ENTRIES PROVIDED:
---------------
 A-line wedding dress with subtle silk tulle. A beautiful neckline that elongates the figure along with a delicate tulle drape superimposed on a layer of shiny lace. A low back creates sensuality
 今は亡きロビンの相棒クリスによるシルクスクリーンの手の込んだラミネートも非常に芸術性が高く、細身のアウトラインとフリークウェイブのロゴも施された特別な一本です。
---------------
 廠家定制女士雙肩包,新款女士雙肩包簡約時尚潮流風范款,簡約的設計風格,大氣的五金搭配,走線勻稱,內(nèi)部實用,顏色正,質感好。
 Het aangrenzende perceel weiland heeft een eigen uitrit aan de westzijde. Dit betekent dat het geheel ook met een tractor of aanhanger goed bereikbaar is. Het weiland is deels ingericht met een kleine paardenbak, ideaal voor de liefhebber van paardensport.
---------------
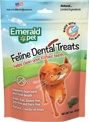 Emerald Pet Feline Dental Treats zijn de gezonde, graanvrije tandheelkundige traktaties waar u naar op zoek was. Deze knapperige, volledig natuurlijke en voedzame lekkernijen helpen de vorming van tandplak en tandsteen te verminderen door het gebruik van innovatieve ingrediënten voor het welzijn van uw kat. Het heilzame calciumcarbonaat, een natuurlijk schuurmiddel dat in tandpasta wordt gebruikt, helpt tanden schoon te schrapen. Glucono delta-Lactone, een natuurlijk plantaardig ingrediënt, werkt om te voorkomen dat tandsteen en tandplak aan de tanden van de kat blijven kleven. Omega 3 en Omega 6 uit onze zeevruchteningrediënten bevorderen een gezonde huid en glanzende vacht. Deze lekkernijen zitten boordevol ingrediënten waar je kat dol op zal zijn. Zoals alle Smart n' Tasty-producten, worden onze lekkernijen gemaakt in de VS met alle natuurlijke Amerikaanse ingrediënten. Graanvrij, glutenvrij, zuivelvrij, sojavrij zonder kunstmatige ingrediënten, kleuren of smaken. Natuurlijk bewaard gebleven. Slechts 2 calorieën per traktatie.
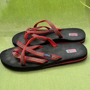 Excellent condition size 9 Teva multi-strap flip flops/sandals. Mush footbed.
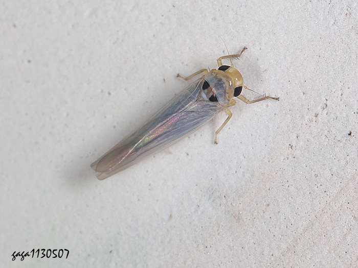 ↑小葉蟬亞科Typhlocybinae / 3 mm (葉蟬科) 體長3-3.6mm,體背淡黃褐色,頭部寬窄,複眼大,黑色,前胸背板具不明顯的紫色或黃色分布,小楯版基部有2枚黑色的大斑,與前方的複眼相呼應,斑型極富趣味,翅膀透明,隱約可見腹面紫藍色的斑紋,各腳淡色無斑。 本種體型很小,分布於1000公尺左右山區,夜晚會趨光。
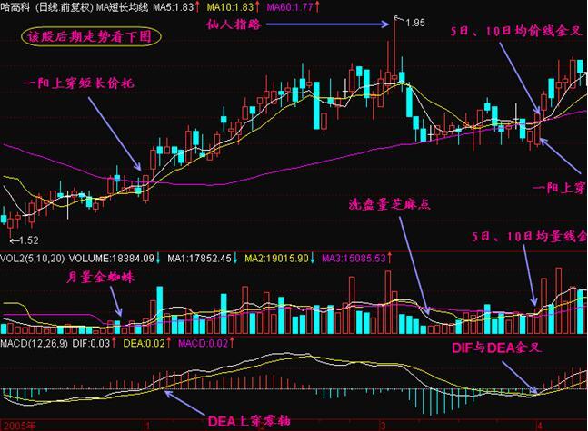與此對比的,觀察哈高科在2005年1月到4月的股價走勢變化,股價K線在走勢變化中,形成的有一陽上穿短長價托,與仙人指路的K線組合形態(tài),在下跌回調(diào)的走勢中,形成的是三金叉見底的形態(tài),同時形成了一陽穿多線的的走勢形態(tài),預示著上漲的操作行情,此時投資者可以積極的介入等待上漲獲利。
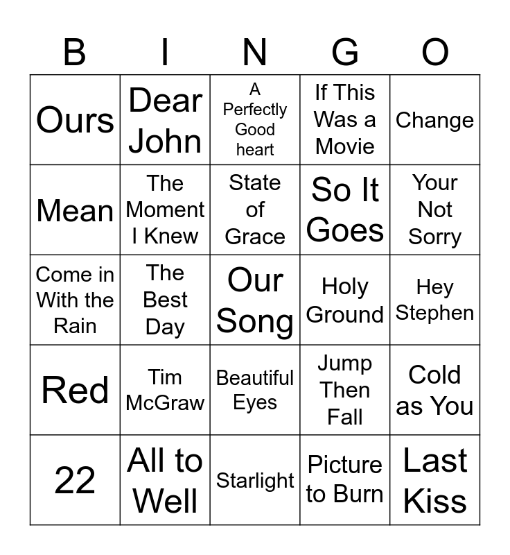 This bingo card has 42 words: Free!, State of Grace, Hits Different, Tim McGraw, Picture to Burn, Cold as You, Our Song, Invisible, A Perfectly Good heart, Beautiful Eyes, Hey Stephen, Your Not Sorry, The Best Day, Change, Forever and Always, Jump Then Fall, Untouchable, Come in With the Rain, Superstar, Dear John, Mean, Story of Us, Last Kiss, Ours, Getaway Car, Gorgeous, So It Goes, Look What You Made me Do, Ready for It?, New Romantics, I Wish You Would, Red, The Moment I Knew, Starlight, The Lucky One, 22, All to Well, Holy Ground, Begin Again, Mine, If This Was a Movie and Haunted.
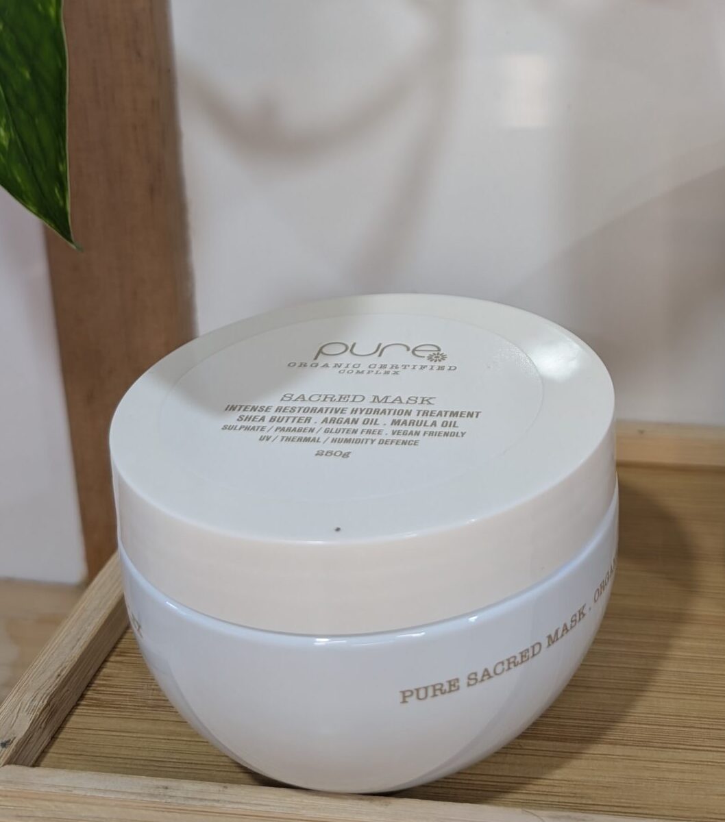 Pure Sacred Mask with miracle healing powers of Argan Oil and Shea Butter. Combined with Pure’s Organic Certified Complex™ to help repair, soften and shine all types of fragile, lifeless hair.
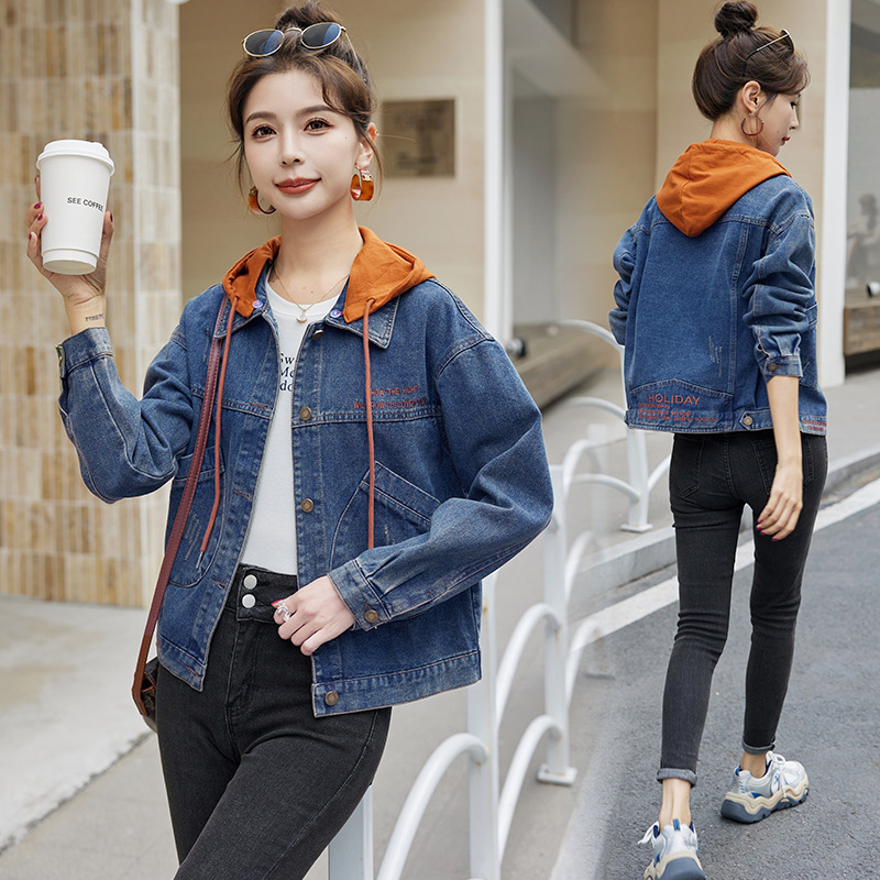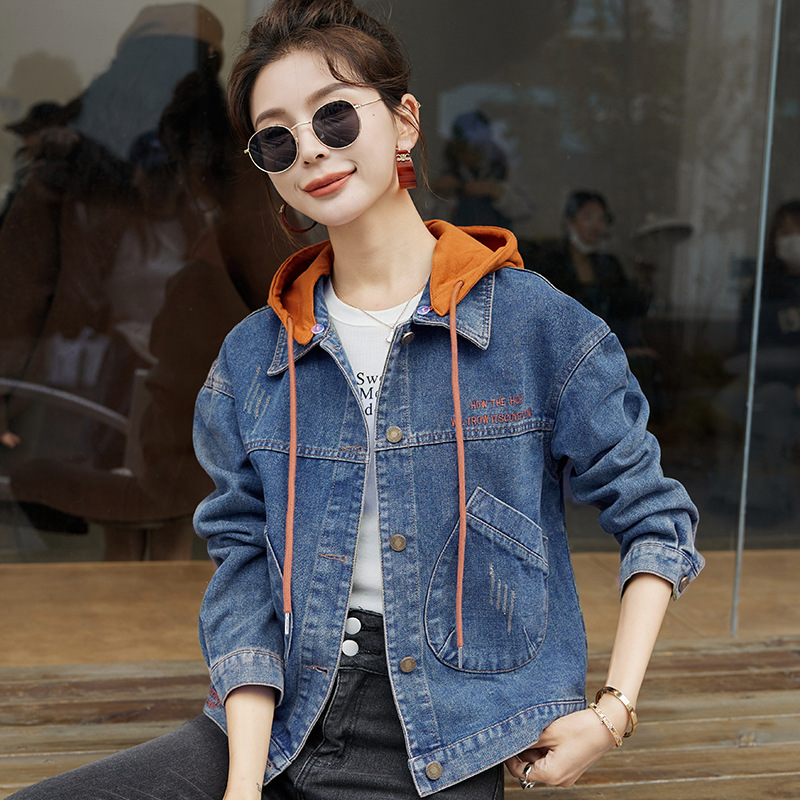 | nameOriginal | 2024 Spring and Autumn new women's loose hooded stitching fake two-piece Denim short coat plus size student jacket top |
---------------
TRY IT: Look above for the line that contains "廠家定制女士雙肩包,新款女士". Starting there, transcribe every line exactly until you have copied the line that contains "Het aangrenzende perceel".

ANSWER FOR THE TASK:
 廠家定制女士雙肩包,新款女士雙肩包簡約時尚潮流風范款,簡約的設計風格,大氣的五金搭配,走線勻稱,內(nèi)部實用,顏色正,質感好。
 Het aangrenzende perceel weiland heeft een eigen uitrit aan de westzijde. Dit betekent dat het geheel ook met een tractor of aanhanger goed bereikbaar is. Het weiland is deels ingericht met een kleine paardenbak, ideaal voor de liefhebber van paardensport.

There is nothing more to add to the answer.